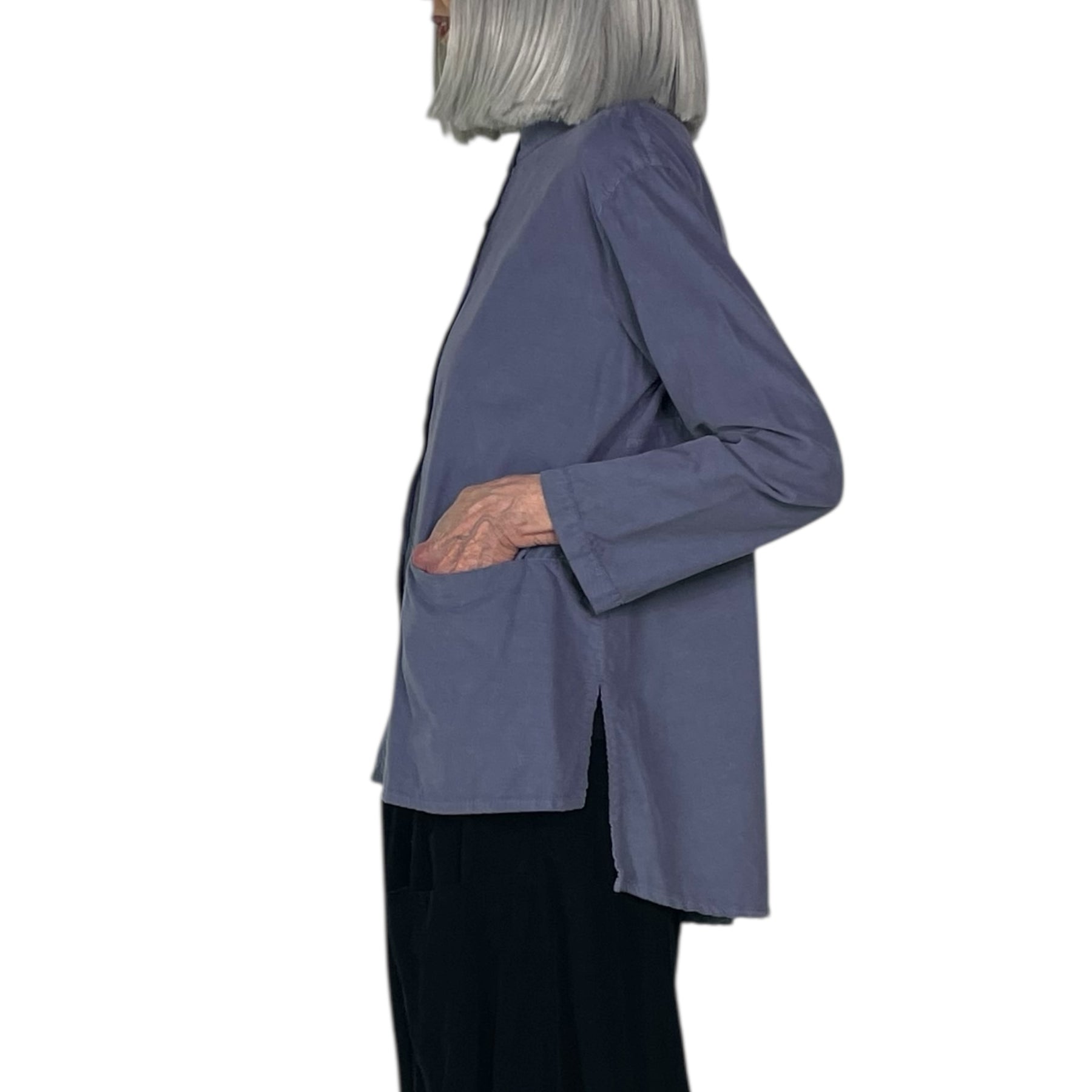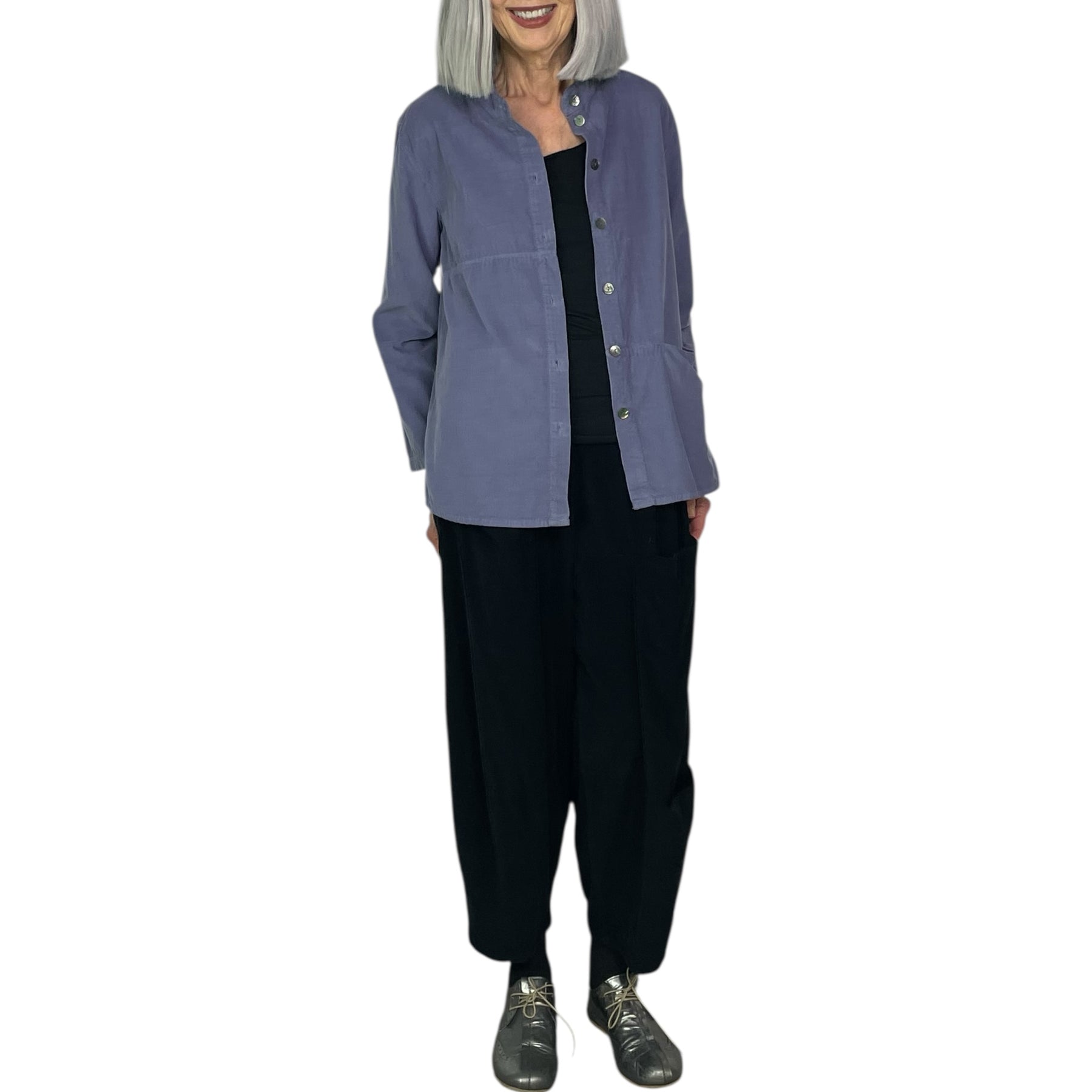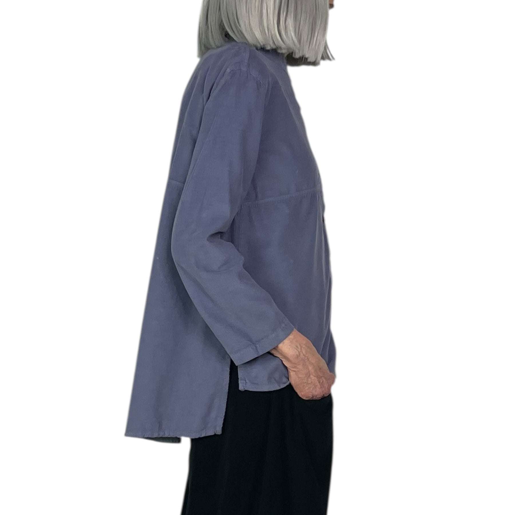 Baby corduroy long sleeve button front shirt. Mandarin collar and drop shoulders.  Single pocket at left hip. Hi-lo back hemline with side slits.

...

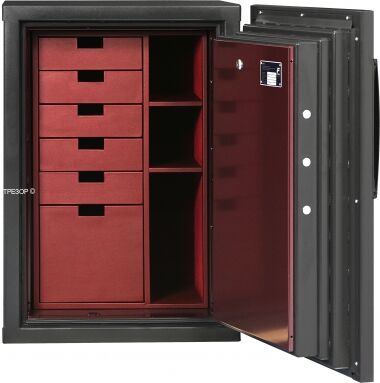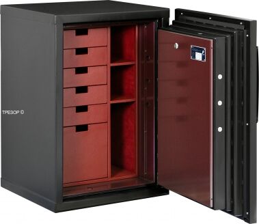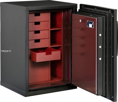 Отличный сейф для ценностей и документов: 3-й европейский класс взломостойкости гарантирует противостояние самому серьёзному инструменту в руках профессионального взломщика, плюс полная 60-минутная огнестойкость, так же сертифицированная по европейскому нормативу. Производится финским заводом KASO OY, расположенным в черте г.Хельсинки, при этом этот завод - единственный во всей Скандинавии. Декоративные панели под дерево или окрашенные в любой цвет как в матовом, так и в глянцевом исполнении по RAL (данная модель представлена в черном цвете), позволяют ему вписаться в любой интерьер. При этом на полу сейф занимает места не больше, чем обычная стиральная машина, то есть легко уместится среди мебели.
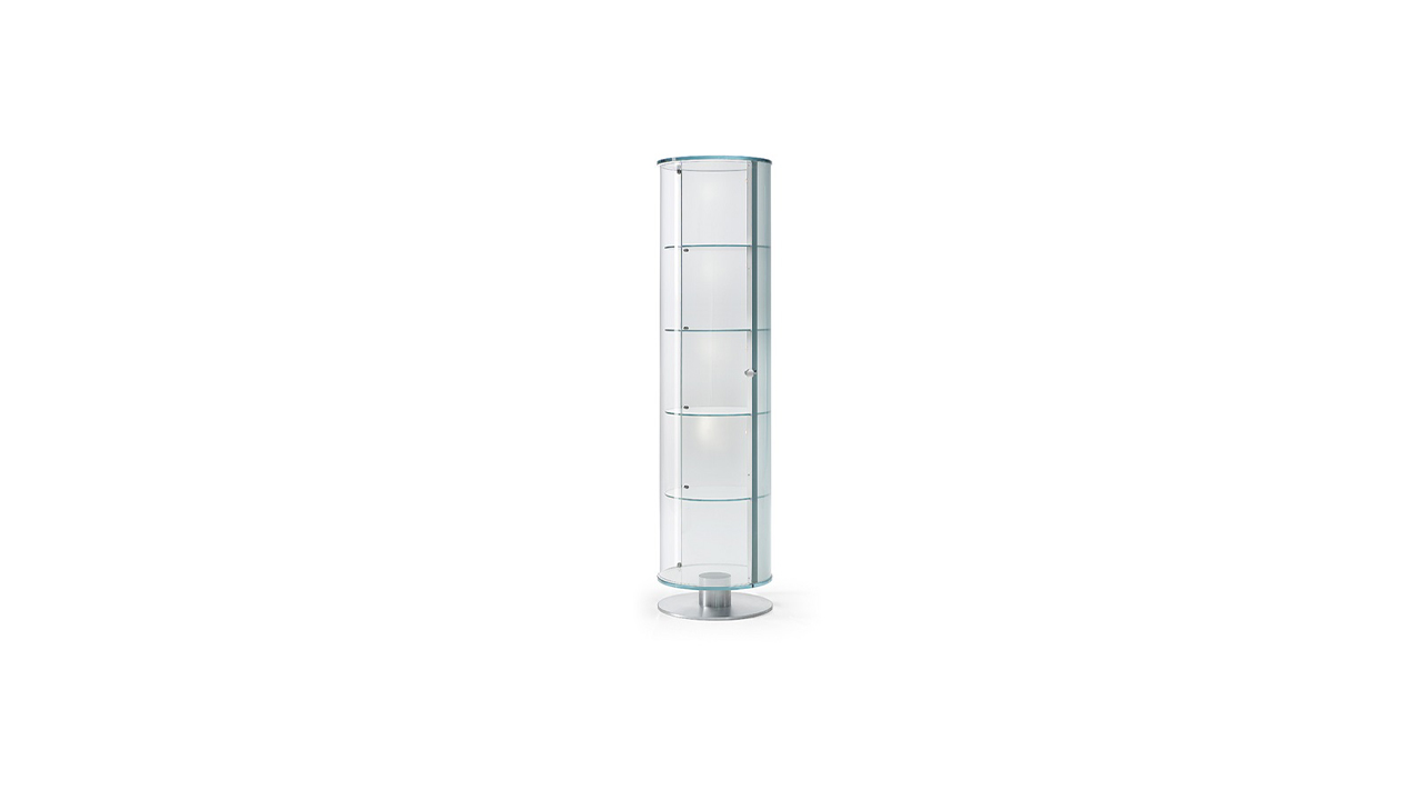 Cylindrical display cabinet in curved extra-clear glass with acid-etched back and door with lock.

- [Assigned task]: Reproduce the data above exactly, but only from the line containing "Отличный сейф для" through the line containing "Cylindrical display cabinet". Omit all pictures.

- [Result of this exercise]:
 Отличный сейф для ценностей и документов: 3-й европейский класс взломостойкости гарантирует противостояние самому серьёзному инструменту в руках профессионального взломщика, плюс полная 60-минутная огнестойкость, так же сертифицированная по европейскому нормативу. Производится финским заводом KASO OY, расположенным в черте г.Хельсинки, при этом этот завод - единственный во всей Скандинавии. Декоративные панели под дерево или окрашенные в любой цвет как в матовом, так и в глянцевом исполнении по RAL (данная модель представлена в черном цвете), позволяют ему вписаться в любой интерьер. При этом на полу сейф занимает места не больше, чем обычная стиральная машина, то есть легко уместится среди мебели.
 Cylindrical display cabinet in curved extra-clear glass with acid-etched back and door with lock.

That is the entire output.